Currently the lower dimensional embedding of the spectral and parameter spaces are learned independently followed by learning independent mappings between them. A promising direction for further work is the learning of a joint lower dimensional embedding of the spectra and parameters, such that both spectra and parameters can be reconstructed from this space given only spectra or parameters. Such an approach comprises both dimensionality reduction and mapping between the two spaces in a single end-to-end solution.

It is worth noting that the surrogate models trained on the two datasets can be operationalised and used in practice. In applications focused on scenarios with narrower expected atmospheric properties, a backward model can completely replace the RTM. On the other hand, on novel or exploratory applications, the forward model trained using uniformly sampled parameters can be used to inform the retrieval algorithms efficiently during the process of parameter estimation, thus still significantly reducing the required computational time.

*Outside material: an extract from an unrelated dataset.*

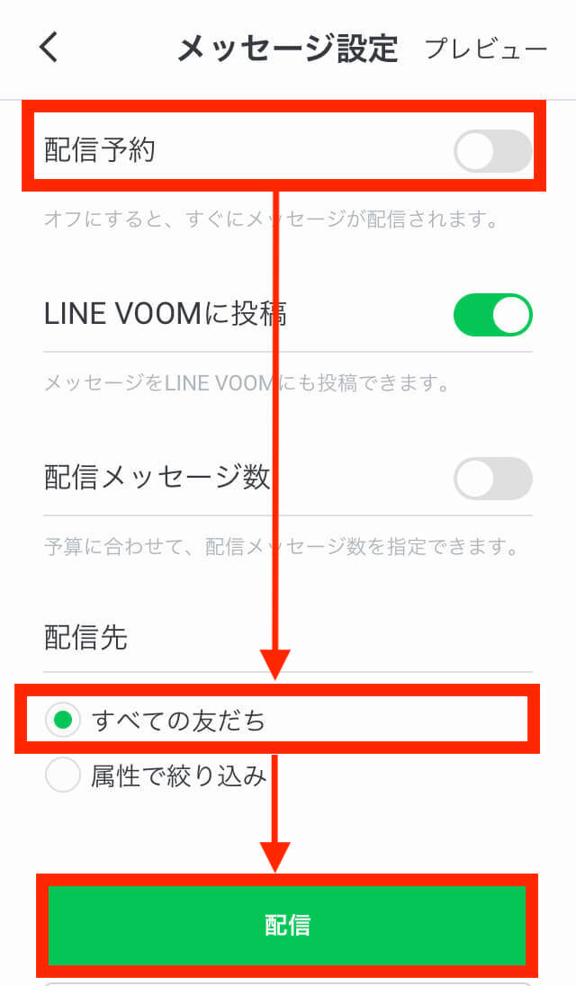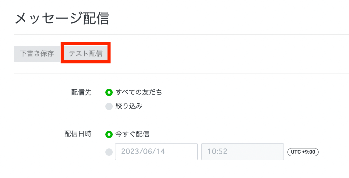 1つ目は配信予約です。オフにするとすぐにメッセージが配信されます。日時予約をする場合は、オンにして日時を設定します。

The current focus of this study has been examining the emulation of TROPOMI L1B spectra. However, the next steps aim to incorporate this work within full retrieval schemes that retrieve Methane and other trace gases/pollutants. The work presented in this paper has focused only on methane in a very short spectral window present in TROPOMI. However, the learning of surrogate models is instrument/spectral window agnostic, meaning that this method can be applied to numerous other satellite instruments currently in orbit, sensitive to different trace gases/pollutants. With the advent of geo-stationary satellite missions such as Sentinel-4 (Ingmann et al. 2012), Tropospheric emissions: Monitoring of pollution (TEMPO) (Zoogman et al. 2017) and the Geostationary Environmental Monitoring Spectrometer (GEMS) (Nicks et al. 2018), hourly estimates of pollutant concentrations over Europe, North America and East Asia, respectively, at very high spatial resolution will be possible. These missions are focused on measuring short lived gases such as NOx and SO2, where speedy processing of the data output from these instruments is especially important. The high spatial and temporal nature of these instruments means millions of spectra will be generated daily, making the efficient generation of trace gas estimates using computationally expensive traditional retrieval algorithms challenging. The methods for learning surrogate models presented in this paper could be used to replace the RTMs at the core of the retrieval algorithms planned for these satellite missions, increasing the speed of the retrieval process whilst retaining the same accuracy, still based in physical processes.

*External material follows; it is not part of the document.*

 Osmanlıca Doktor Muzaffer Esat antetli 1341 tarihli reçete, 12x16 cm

Additionally, the increased computational efficiency of utilising surrogate models (emulators) over the full RTMs, could allow the development of surrogate models for more complex physics. Currently the retrieval of methane (and other trace gases) in complex atmospheric conditions, such as over clouds/haze, cities or heterogeneous surface conditions requires more complex modelling that is not possible to implement fully within operational processing schemes without a many-fold increase in processing time. The approach for generating surrogate models in this study could be adapted to different training datasets that represent more complex physics, allowing fast and efficient retrievals and therefore a better understanding and quantification of Methane and other trace gases/pollutants in complicated situations, that currently cannot be fully achieved within operational processing schemes.

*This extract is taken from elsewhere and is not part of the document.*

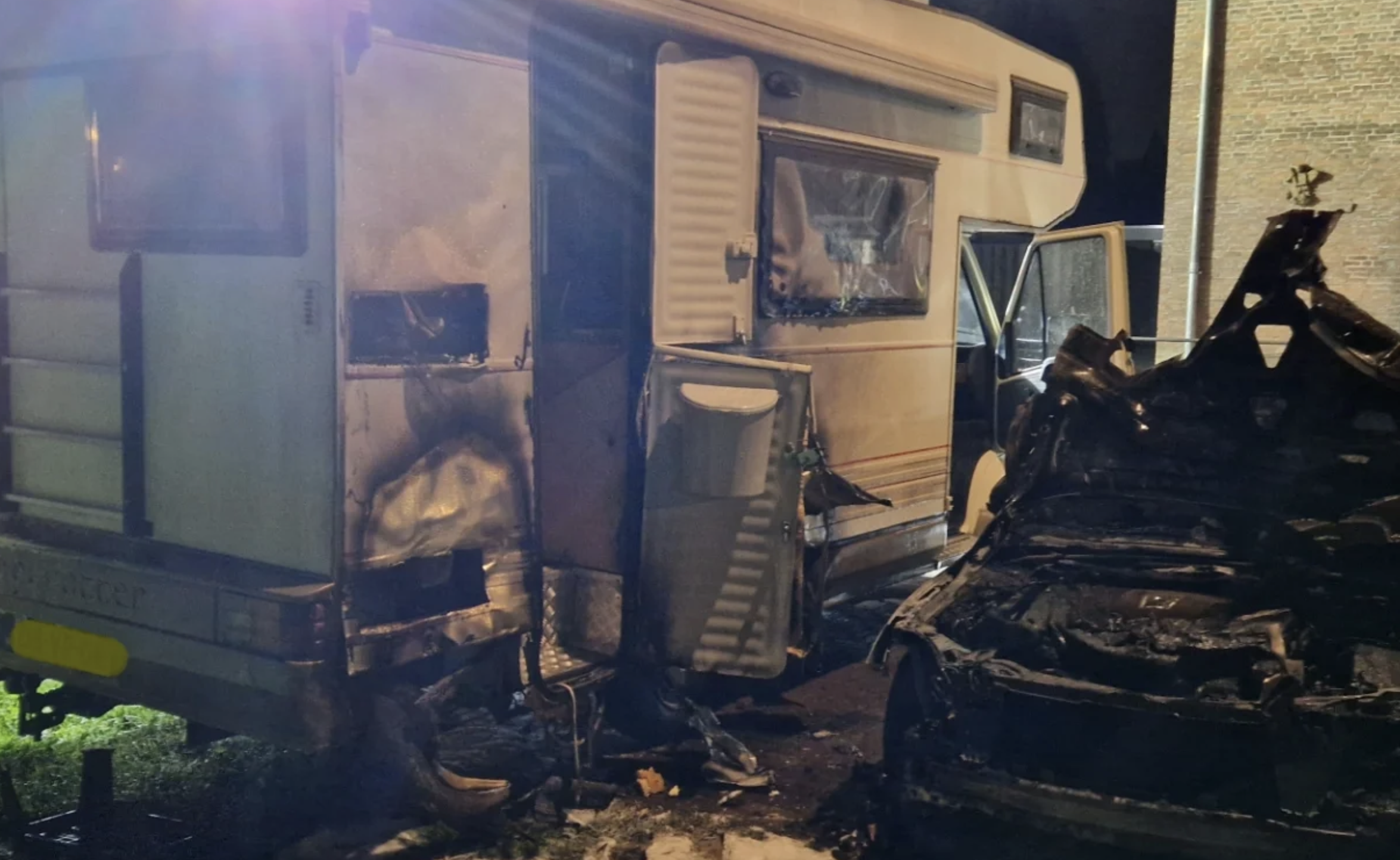 Het vuur sloeg over naar een ernaast geparkeerde camper, die daardoor ook flink beschadigd raakte.

In conclusion, our analysis and experiments demonstrate the viability of surrogate models as emulators for radiative transfer models and demonstrate the importance of giving attention to the sampling technique and the preparation of the dataset. Efficient and accurate surrogate models can be learned best by reducing both input and output spaces using PCA, and learning a shallow neural network to map between them. The surrogate models developed in this study can be further implemented within operational retrieval schemes of trace gases, whereby the reduced computational cost and timing of surrogate models can not only reduce overhead costs in operational processing schemes for S5P/TROPOMI and other satellite instruments, but also allow retrievals using more complex physics that currently cannot be fully realised.